> _Extracted entries_

'''

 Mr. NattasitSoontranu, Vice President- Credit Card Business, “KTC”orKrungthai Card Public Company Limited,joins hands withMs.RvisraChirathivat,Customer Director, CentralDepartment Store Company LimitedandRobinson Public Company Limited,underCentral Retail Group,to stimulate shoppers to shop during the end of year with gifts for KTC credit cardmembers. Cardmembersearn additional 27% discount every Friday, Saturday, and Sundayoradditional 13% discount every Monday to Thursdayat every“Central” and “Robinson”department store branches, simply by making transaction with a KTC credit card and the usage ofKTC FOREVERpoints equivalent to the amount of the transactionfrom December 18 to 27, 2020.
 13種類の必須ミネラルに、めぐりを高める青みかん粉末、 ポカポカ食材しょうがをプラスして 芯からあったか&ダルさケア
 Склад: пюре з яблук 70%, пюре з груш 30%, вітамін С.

'''
'''

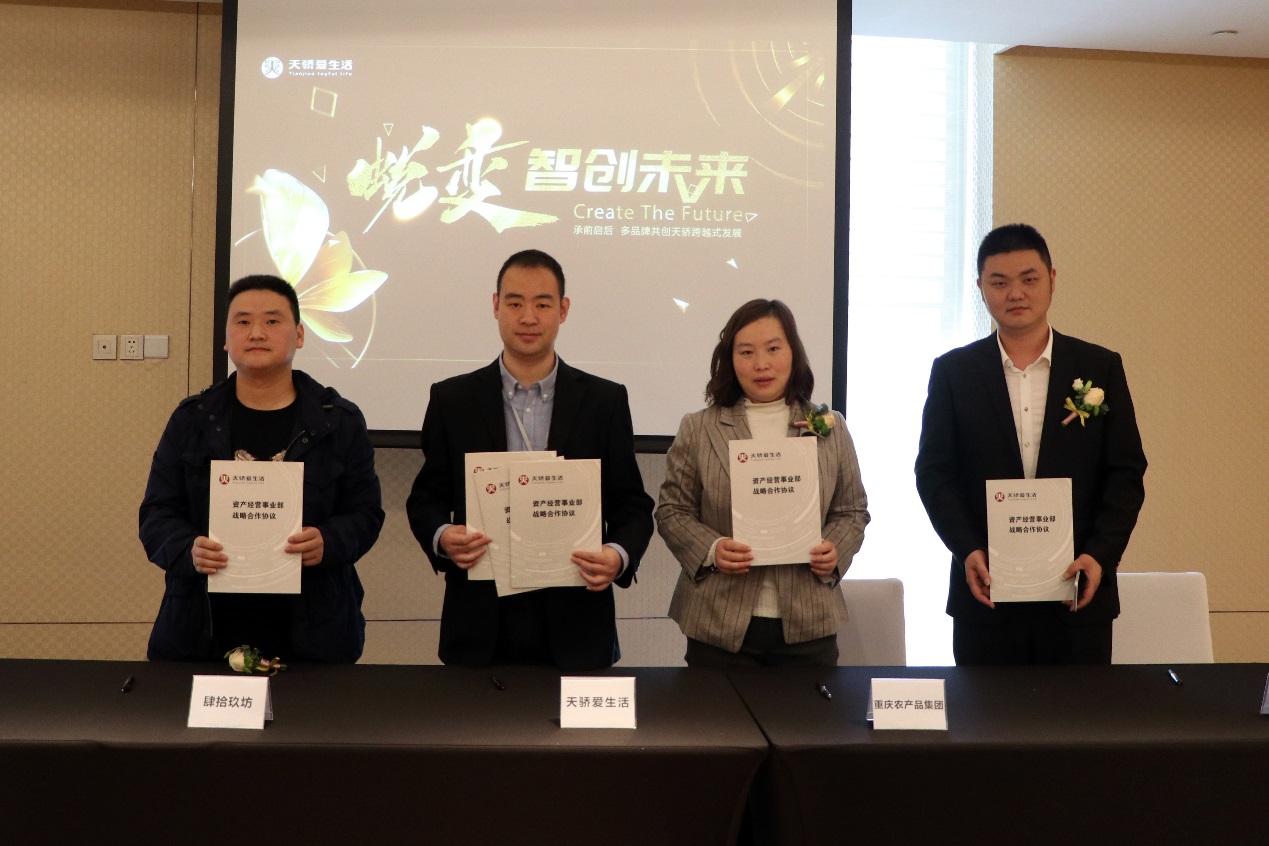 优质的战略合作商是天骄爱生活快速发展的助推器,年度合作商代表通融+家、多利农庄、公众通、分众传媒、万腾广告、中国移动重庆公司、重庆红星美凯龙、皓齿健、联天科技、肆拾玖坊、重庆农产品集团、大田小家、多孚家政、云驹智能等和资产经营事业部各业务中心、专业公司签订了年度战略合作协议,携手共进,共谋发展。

'''
'''

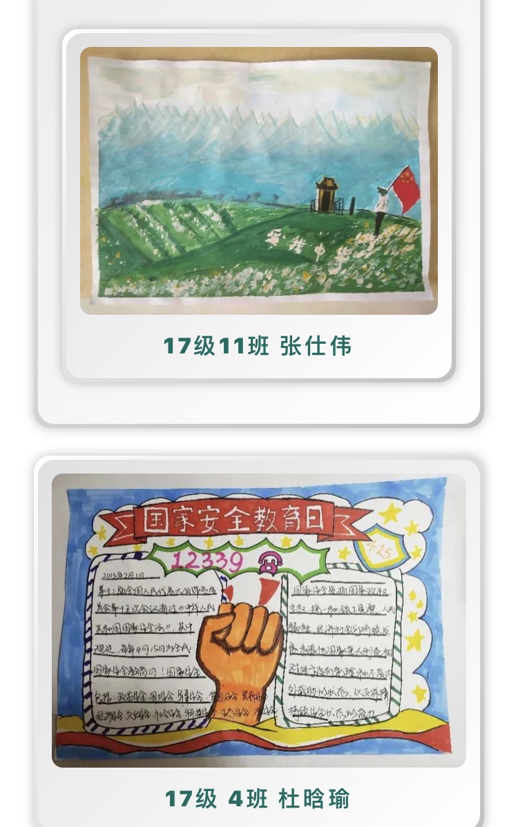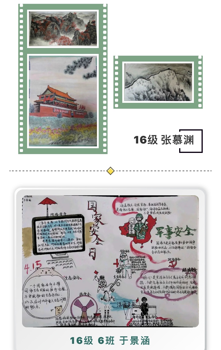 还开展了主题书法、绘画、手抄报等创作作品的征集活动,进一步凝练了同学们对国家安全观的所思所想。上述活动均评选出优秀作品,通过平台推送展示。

'''

> _About this exercise_
Referring to the material above, set down exactly the lines between the line with "13種類の必須ミネラルに、めぐりを高める青みかん粉末、 ポカポカ食材しょうがをプラスして 芯からあったか&ダルさケア" and the line with "Склад: пюре з", inclusive, and no other lines.

> _Response to the exercise_
 13種類の必須ミネラルに、めぐりを高める青みかん粉末、 ポカポカ食材しょうがをプラスして 芯からあったか&ダルさケア
 Склад: пюре з яблук 70%, пюре з груш 30%, вітамін С.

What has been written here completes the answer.